But this is the way it works, and it’s another example of how government policy continues to harm millions of students.
If you are old or partially disabled or both – and have an outstanding student debt, even one going back decades – the government still can take a portion of your Social Security check. Or your parents’.
Richard Brown, 65, of Ossining, New York, knows about that.
In 2004, Brown and his wife had good jobs in information technology. He took out $50,000 in federally guaranteed student loans for his daughter because he didn’t want her to go into debt, and they could afford to help her.
But then the recession hit. Brown lost his job in 2009 and at 58 couldn’t find another. Three years later, his wife lost her job when her company was acquired by a competitor. Their debts mounted, and by 2013, the student loans, because of compounding interest and penalties, had risen to $135,000.
The couple filed for bankruptcy, but the student loans weren’t eligible. Brown was shocked when the federal government began taking $250 a month from his Social Security check of $1,700.
“This is money we need to live on,” he said. “To us, it’s a lot of money. We worked 35 or 40 years to be eligible. I had no idea they could do that.”
Not only can the government do that, but it’s doing so more often. The government can take as much as 15 percent of a debtor’s Social Security and in 2013 garnished benefits of 155,000 Americans who were in default on their federal student loans, according to a GAO report. That’s a fivefold increase in a decade.

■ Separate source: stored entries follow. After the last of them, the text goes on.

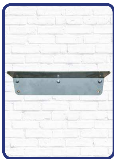
■ Attacco muro Wall bracket
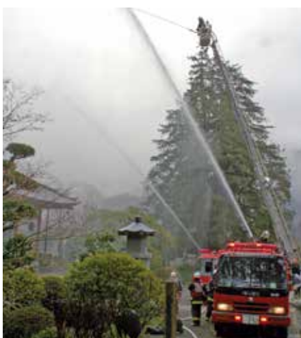
平成26年度に行った防火訓練の様子
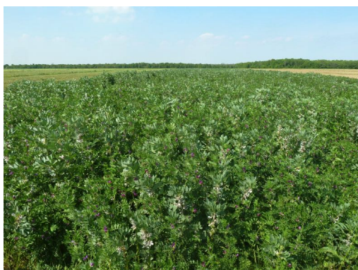
Foto 1. Veccia + favino, 21-04-2016

Con colture da sovescio s'intendono delle colture che non forniscono un raccolto ma che sono destinate ad essere incorporate nel terreno per migliorarne la fertilità (foto 1, 2, 3, 4). Vengono definite anche come fertilizzanti verdi ( green manures ). Con colture di copertura ( cover crops ) si intendono invece delle colture per cui non è prevista una incorporazione nel terreno, ma che dopo la terminazione vengono lasciate in superficie con funzione di pacciamatura. Le definizioni di coltura da sovescio e coltura di copertura vengono comunque spesso usate come sinonimi. Queste colture vengono usualmente seminate tra due colture da reddito ed il loro ciclo colturale (1) può essere più o meno rapido.

By law, banks and credit card companies cannot seize Social Security benefits to collect debts. But in 1986, Congress gave the U.S. Treasury the go-ahead to garnish Social Security payments to collect money owed to the government.

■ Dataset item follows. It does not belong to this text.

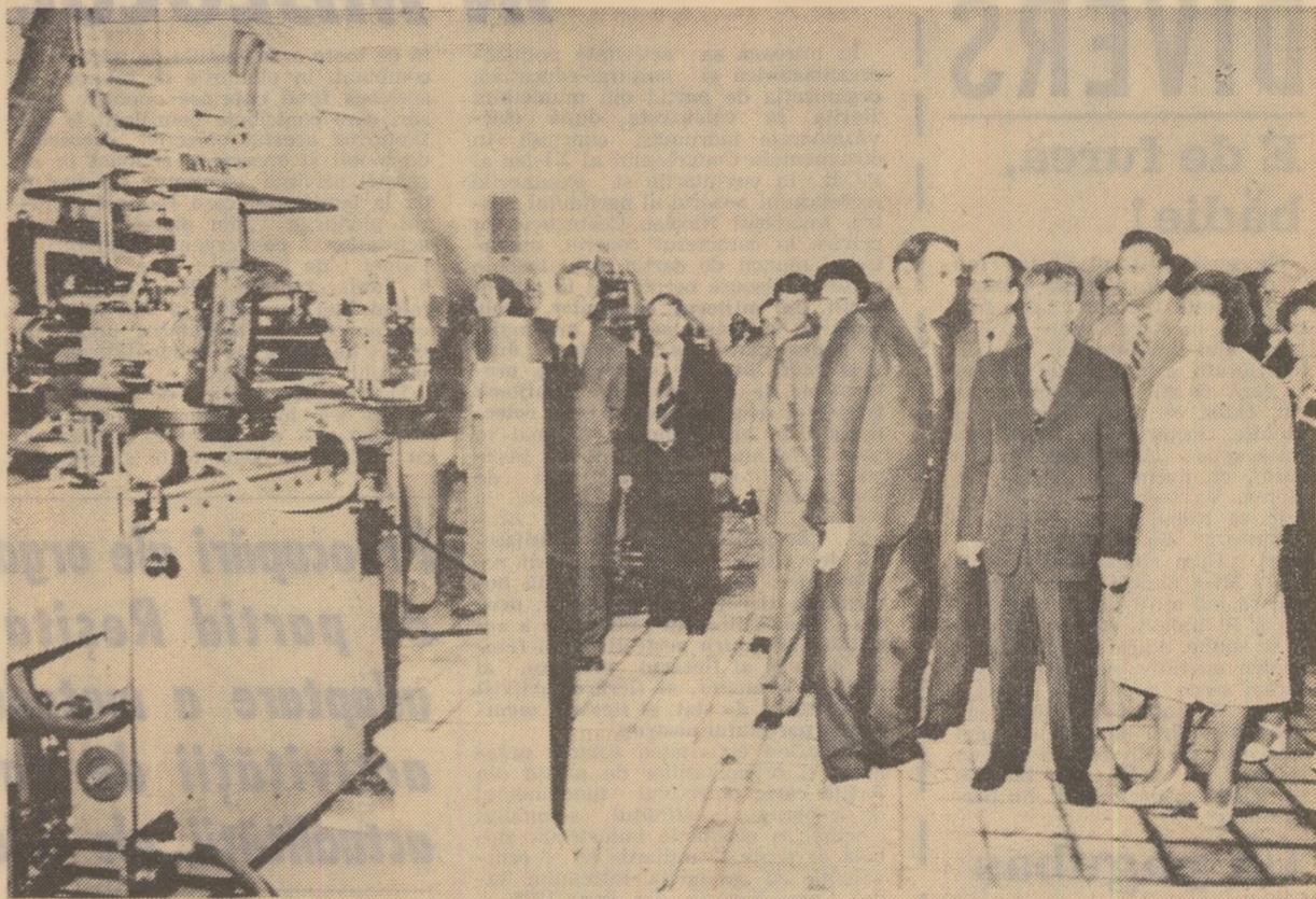
Într-una din secțiile întreprinderii „Beroc”

În sănătatea dumneavoastră, a tuturor! (Aplauze).

The amount of money the government has raised by garnishing Social Security benefits – $150 million in 2013, for example – is a tiny fraction of the $1.2 trillion that borrowers owe the government for federal student loans.
After the federal government garnished Brown’s Social Security, he and his wife lost their cooperative apartment to foreclosure. They moved in with their daughter.

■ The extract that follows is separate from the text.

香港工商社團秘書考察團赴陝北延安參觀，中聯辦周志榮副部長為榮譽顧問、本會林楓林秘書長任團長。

As for the student loan industry, it keeps rolling along.
Look no further than the handsome I. M. Pei-designed building in downtown Wilmington, Delaware, where a student loan startup is making waves.
College Ave Student Loans bills itself as “the leading next-generation student loan marketplace lender.” With claims that it will disrupt the multibillion-dollar student loan industry, College Ave has said it is going to bring “innovation to a long-stagnant market.”
Behind those claims are some familiar faces.
Two former Sallie Mae executives founded the company in 2014. It’s had no trouble raising $40 million from venture capitalists and hedge fund investors.
There’s one other investor in College Ave who knows a lot about making money in the student loan industry: Albert Lord.
Reveal senior reporter Katharine Mieszkowski contributed to this story. It was edited by Andrew Donohue and Amy Pyle and copy edited by Sheela Kamath and Nikki Frick.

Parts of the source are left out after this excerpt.